# Should I wait to miscarry naturally?



## Britishmum (Dec 25, 2001)

I just got home from the midwife's where I found that my baby now has no heartbeat. I'd had light bleeding since yesterday. I go back tomorrow to see the ob to discuss what to do.

I knew deep down that something was wrong. The technician told me the baby was only size of 6 weeks, but I know the absolute minimum was 8 and much more likely 10.

On the one hand, I completely trust my body to know what to do and to miscarry this baby naturally. However, I have a 3yo and 1yo, no family nearby and no help. I feel that life needs to go on for the girls as normal, or they'll climb the walls. They are starting to already from one weekend in the house.

From women who've been in this situation, what would you advise? How do you cope with miscarrying while dealing with a one year old whose favourite occupations are A emptying the diaper pail on the floor and B throwing every toy she can find in the toilet?

I guess I'm a really practical person. The reality hasn't hit me, but I need to be prepared for my appt tomorrow. I love my midwife, but the OB can be somewhat direct and stringent. I need to have clarity to deal with her.
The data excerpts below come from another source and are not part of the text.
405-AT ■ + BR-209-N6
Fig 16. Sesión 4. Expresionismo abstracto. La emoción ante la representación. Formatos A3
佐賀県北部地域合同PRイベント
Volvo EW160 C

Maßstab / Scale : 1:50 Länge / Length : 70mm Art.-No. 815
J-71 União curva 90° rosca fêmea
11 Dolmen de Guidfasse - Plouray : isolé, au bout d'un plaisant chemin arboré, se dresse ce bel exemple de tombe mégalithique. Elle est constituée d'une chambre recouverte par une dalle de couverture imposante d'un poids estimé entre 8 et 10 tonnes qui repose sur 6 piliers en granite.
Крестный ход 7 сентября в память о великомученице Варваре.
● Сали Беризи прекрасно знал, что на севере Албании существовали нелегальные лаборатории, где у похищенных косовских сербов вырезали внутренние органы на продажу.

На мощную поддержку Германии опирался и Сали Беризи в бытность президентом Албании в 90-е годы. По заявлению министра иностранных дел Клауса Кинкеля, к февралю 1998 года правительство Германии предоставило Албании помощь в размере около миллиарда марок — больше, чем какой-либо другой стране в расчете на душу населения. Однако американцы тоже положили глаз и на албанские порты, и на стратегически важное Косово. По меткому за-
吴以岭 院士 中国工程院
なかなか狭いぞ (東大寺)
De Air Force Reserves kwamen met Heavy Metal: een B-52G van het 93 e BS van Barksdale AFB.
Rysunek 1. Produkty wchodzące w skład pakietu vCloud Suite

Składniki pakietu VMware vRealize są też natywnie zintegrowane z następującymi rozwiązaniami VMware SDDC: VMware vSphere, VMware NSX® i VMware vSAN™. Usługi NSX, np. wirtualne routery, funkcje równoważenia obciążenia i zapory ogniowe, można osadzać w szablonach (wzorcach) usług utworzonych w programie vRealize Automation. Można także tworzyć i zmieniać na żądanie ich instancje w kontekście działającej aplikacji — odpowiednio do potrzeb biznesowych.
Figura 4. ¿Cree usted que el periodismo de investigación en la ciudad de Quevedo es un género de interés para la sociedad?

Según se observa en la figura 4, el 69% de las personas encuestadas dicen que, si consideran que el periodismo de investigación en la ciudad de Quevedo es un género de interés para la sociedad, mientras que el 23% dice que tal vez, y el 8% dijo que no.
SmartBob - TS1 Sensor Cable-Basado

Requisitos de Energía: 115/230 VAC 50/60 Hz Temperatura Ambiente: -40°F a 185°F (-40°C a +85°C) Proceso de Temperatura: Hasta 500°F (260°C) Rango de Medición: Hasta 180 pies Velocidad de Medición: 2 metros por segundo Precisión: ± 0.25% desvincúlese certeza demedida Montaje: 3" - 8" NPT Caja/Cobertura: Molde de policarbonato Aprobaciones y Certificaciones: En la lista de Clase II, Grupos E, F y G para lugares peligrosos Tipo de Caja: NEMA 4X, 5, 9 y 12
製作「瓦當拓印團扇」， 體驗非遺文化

Oddly, since I found out I've been pregnant I've been visiting this forum. Somehow I knew that this baby was struggling. Poor little guy. And I knew it was a boy. Weird.


----------



## Gemini (Apr 9, 2003)

I had a D & C, but that was in my younger days when I didn't know any better to let my body do it.

I'm sorry for you.


----------



## BusyMommy (Nov 20, 2001)

I tried to wait w/mine several years ago. I found out at 12 weeks that he had stopped growing at 8 weeks. I waited over a month until my dr. was worried about infection. I had a D/C. Perhaps I could have waited longer, but it seemed that in my instance, it simply wasn't happening on its own.
I'm glad I tried to wait to let it happen naturally. In retrospect, it prolonged the misery.

Horrible decision to have to make-I'm so sorry.


----------



## Elphaba (Nov 19, 2001)

I am so sorry Britishmum.

I miscarried naturally 6.5 weeks ago. I wanted nothing to do with doctors or a D&C or any of that, but I understand how other women just want it to be over and opt for the D&C.
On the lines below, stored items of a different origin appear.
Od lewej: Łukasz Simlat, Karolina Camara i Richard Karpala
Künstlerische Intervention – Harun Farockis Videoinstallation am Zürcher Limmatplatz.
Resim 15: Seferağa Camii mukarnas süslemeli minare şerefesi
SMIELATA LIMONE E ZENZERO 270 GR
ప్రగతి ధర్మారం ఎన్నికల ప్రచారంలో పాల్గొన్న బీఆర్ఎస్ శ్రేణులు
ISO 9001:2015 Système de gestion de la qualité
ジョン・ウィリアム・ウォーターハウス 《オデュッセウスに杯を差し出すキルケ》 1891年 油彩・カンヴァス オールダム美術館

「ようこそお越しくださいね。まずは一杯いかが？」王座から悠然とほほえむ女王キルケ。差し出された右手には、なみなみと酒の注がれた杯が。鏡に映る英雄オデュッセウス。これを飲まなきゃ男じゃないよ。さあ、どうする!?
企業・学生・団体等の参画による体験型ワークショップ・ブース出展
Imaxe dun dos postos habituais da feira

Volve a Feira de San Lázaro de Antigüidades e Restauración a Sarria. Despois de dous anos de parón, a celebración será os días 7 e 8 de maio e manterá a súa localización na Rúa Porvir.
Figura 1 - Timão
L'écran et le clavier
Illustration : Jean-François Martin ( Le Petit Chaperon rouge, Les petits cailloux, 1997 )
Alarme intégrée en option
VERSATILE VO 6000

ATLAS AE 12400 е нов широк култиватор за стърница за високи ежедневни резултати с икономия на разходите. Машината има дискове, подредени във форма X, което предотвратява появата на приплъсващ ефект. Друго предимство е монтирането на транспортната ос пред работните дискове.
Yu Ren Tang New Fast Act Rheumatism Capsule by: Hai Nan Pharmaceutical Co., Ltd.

I bled for 4 days and that was all. I had a pretty easy time of it, compared to a lot of the women here. I hope your body handles the loss as easily as mine did.
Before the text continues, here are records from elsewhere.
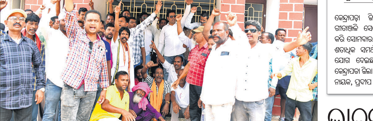
ରାଜ୍ୟ କଂଗ୍ରେସ କାର୍ଯ୍ୟାଳୟଠାରେ ଚିକେଟ ବନ୍ଧନକୁ ନେଇ ଅସନ୍ତୋଷ କର୍ମୀମାନେ ହୋଇଛନ୍ତି କରୁଛନ୍ତି ।
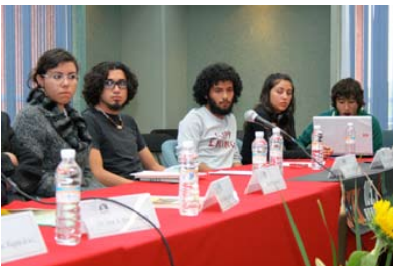
Presentación de la revista Fuentes Humanísticas , el 20 de mayo de 2008.
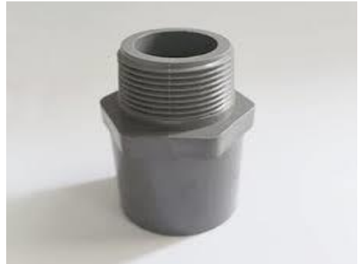
Gambar Shok drat luar
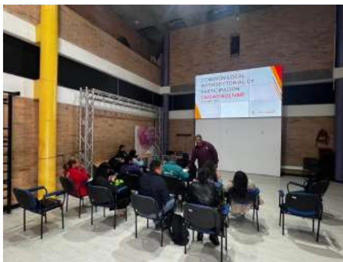
Imagen 1. Reunión CLIP localidad de Ciudad Bolívar mes de Octubre
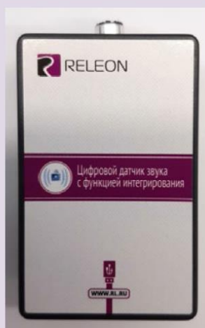
Рис. 7. Датчик звука

Датчик звука — измеряет уровень шумов в окружающей среде и при оценке шумопоглощающих изоляторов. Динамический диапазон: от 30 до 130 дБ. Частотный диапазон: от 50 Гц до 8 кГц. Разрешение: 0,1 дБА (акустические децибелы). Технологические особенности: датчик чувствителен к резким звукам, которые могут дать завышенные результаты измерений.
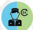
GARDIEN SUR PLACE

Logements individuels ou en colocation (63 logements pouvant accueillir 74 étudiant.e.s) Loyer : 22 000 XPF à 34 000 XPF (avec ou sans cuisine) + Charges : 2 000 XPF (hors électricité)
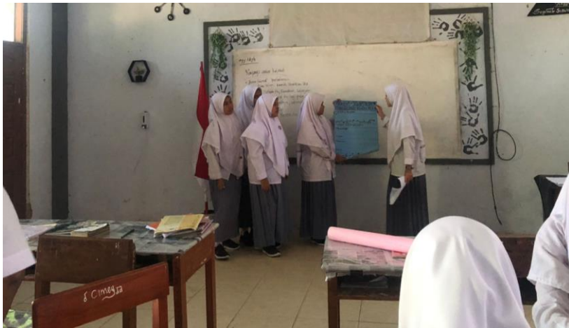
Gambar Presentasi Siswa-Siswi Kelas XI IPS
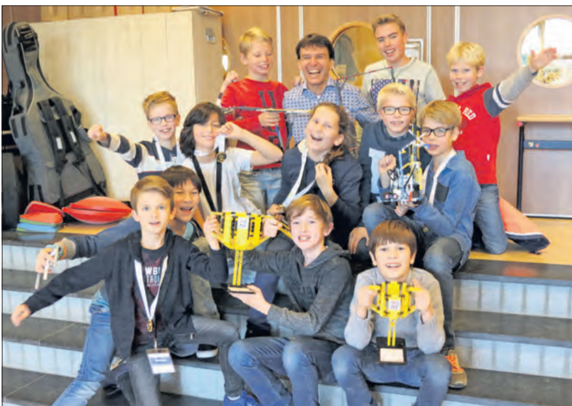
De opgetogen winnaars van de regionale Lego League 2016-2017.

De Julianaschool in Bilthoven, die met 14 leerlingen van groep 8 meedeed, veroverde er twee.
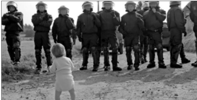
Nuori "mellakoitsija" yrittää ilmeisesti heittää kivellä Nato-harjoitettuja mellakkapoliiseja?

Kesäkuun alussa G8-maat (USA, Kanada, Japani, Iso-Britannia, Ranska, Saksa, Italia sekä Venäjä) pitivät huippukokouksensa Saksan Heiligendammissa. Johtavien imperiaalistien maiden johtajat hioivat vuosittain linjojaan, joita he ajavat koko maailmaa koskevissa talouselimissä, kuten WTO:ssa.
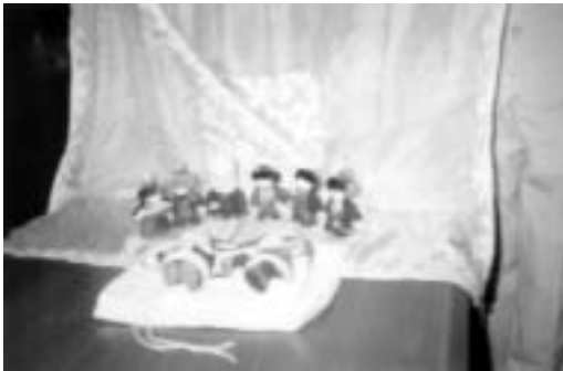
تصویر ۲۱ - عروسکهای نمادی
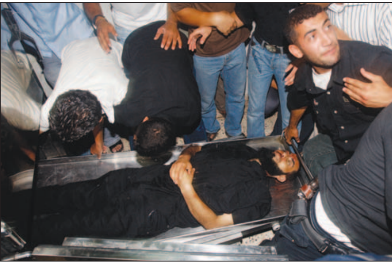
جثمان احد قياديين حركة حماس الذي استشهد في انفجار استهدف سيارته يوم الجمعة
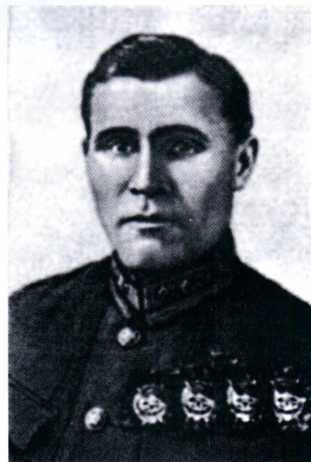
▲ Декретом ВЦИК от 8 апреля 1920 года было введено и Почетное революционное оружие — шашка или кортик с вызолоченным эфесом и знаком ордена Красного Знамени на нем. Такой награды удостоивали лиц высшего командного состава Красной Армии за особые боевые отличия. Последним по времени Почетным революционным оружием был отмечен «за отличия при ликвидации конфликта на Китайско-Восточной железной дороге в 1929 году»
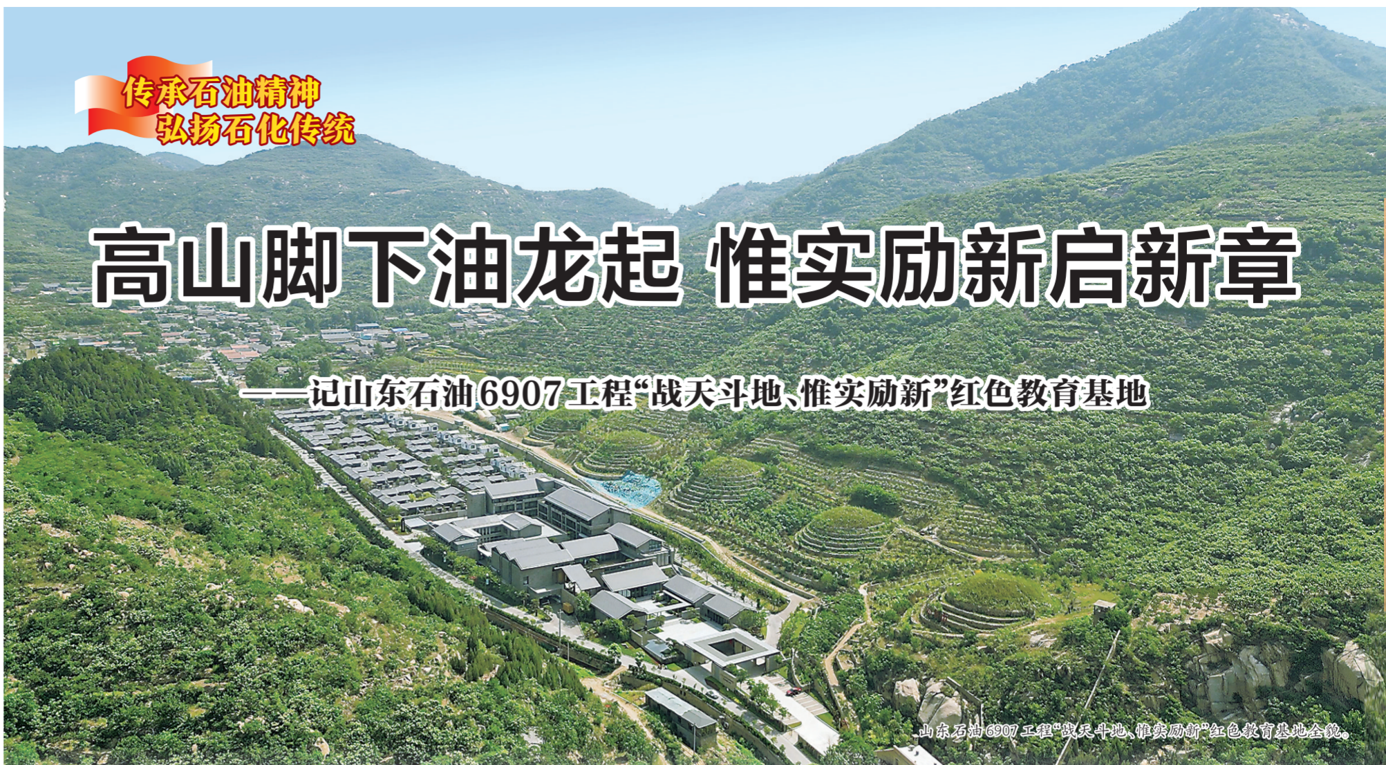
山东石油6907工程“战天斗地、惟实励新”红色教育基地全景。
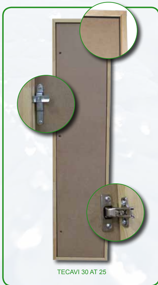
TECAVI 30 AT 25
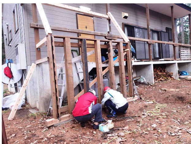
雪囲いの組立状況

I don't have any advice one way or the other. I don't know what the recovery time is for a D&C and how that would affect your ability to parent, or if your dh can get time off now.

Be gentle with yourself, try to eat well, and know we are thinking of you.


----------



## karenpl (Dec 18, 2001)

{{{{ Britishmum }}}}

I am so sorry for your loss. When something similar happened to me, I opted to wait for a natural miscarriage. It took a long time, but I am still happy that I did it that way. The idea of a D&C was very scary to me, I much preferred the natural miscarriage. And although the 3 weeks wait was long, it also helped me to prepare emotionally for what was going to happen, and it gave me some more time together with my precious baby.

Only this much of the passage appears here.